Problem description:
Everything from the line with "это самостоятельно. |" to the line with "暗い中の雄姿は、より光り輝いて、高貴な鹿をイメージさせていた。" in the listing below, both lines included, needs to be copied exactly, apart from the pictures.

Supplied data:
____________________
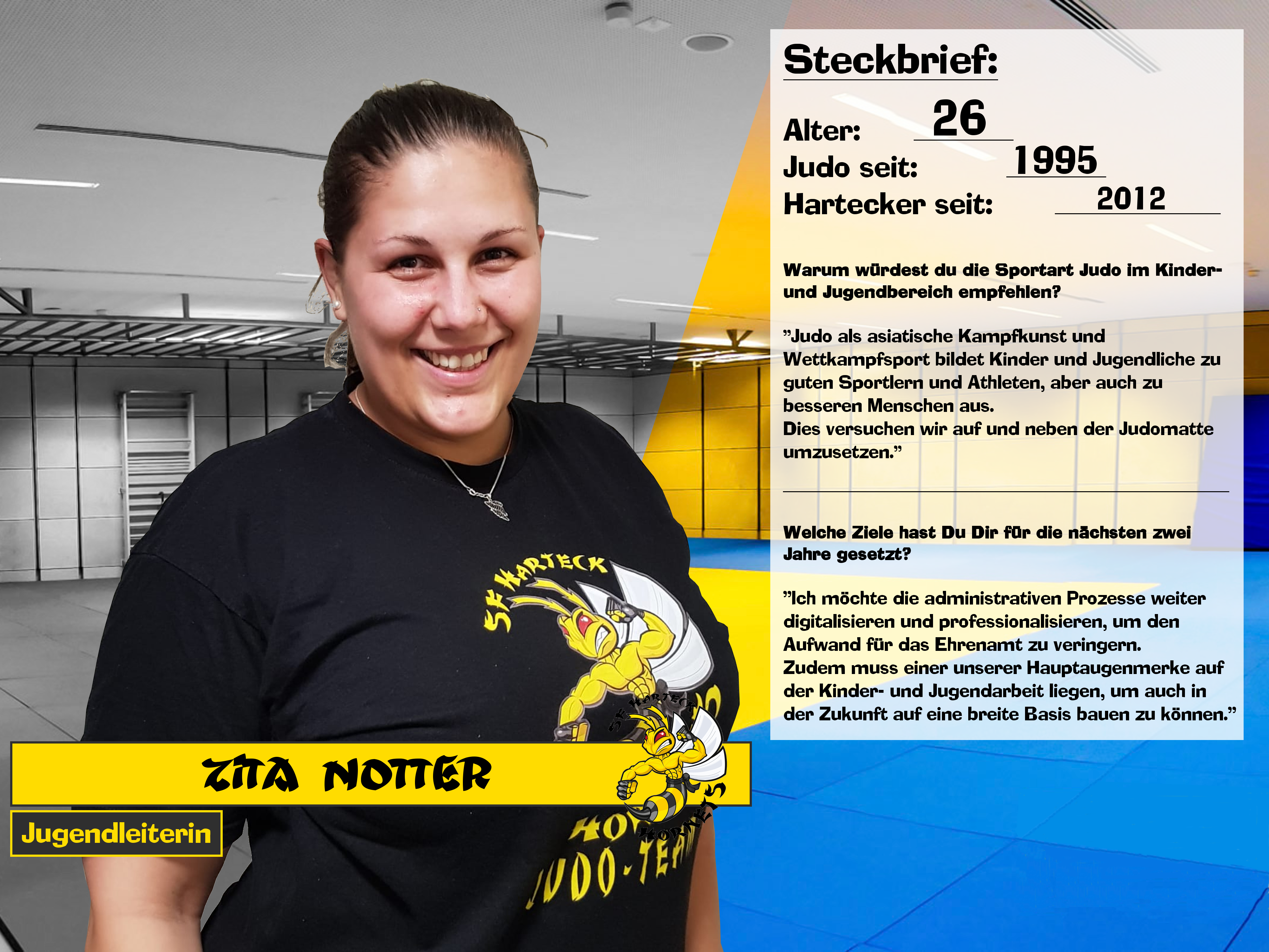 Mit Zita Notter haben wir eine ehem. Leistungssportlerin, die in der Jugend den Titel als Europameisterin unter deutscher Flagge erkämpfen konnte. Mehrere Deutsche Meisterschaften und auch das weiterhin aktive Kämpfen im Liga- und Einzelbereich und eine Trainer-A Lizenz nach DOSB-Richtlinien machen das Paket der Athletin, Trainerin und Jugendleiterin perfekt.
____________________
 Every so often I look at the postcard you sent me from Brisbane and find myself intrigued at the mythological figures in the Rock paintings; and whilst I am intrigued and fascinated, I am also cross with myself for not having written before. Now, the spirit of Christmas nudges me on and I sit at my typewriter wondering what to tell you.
____________________
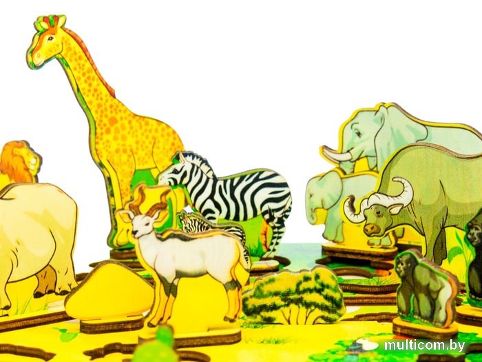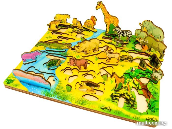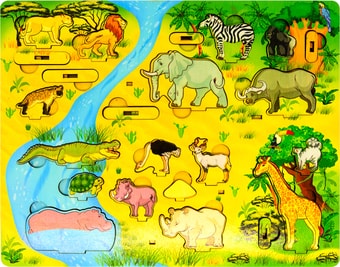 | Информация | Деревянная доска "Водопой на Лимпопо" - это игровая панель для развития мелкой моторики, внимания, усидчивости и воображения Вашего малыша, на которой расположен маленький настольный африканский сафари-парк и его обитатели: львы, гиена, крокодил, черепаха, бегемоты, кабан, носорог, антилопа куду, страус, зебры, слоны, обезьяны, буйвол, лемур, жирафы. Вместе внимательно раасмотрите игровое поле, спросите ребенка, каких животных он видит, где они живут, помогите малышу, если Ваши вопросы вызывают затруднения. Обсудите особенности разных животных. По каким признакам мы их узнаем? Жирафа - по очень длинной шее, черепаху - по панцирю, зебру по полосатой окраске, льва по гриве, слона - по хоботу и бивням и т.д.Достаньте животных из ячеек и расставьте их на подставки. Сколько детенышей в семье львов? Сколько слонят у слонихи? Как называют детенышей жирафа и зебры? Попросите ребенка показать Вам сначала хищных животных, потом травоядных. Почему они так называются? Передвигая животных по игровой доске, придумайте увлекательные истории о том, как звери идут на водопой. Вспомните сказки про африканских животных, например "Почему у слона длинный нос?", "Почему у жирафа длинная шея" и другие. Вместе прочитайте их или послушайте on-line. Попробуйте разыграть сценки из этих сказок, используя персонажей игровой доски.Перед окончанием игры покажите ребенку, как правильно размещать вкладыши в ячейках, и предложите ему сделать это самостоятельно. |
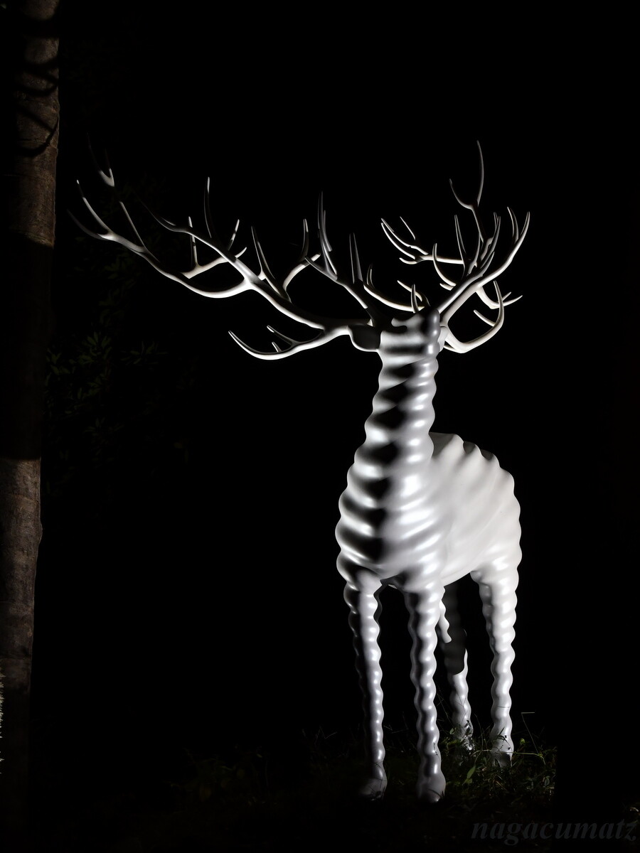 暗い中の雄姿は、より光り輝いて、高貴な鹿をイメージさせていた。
____________________
Exercise output:
 | Информация | Деревянная доска "Водопой на Лимпопо" - это игровая панель для развития мелкой моторики, внимания, усидчивости и воображения Вашего малыша, на которой расположен маленький настольный африканский сафари-парк и его обитатели: львы, гиена, крокодил, черепаха, бегемоты, кабан, носорог, антилопа куду, страус, зебры, слоны, обезьяны, буйвол, лемур, жирафы. Вместе внимательно раасмотрите игровое поле, спросите ребенка, каких животных он видит, где они живут, помогите малышу, если Ваши вопросы вызывают затруднения. Обсудите особенности разных животных. По каким признакам мы их узнаем? Жирафа - по очень длинной шее, черепаху - по панцирю, зебру по полосатой окраске, льва по гриве, слона - по хоботу и бивням и т.д.Достаньте животных из ячеек и расставьте их на подставки. Сколько детенышей в семье львов? Сколько слонят у слонихи? Как называют детенышей жирафа и зебры? Попросите ребенка показать Вам сначала хищных животных, потом травоядных. Почему они так называются? Передвигая животных по игровой доске, придумайте увлекательные истории о том, как звери идут на водопой. Вспомните сказки про африканских животных, например "Почему у слона длинный нос?", "Почему у жирафа длинная шея" и другие. Вместе прочитайте их или послушайте on-line. Попробуйте разыграть сценки из этих сказок, используя персонажей игровой доски.Перед окончанием игры покажите ребенку, как правильно размещать вкладыши в ячейках, и предложите ему сделать это самостоятельно. |
 暗い中の雄姿は、より光り輝いて、高貴な鹿をイメージさせていた。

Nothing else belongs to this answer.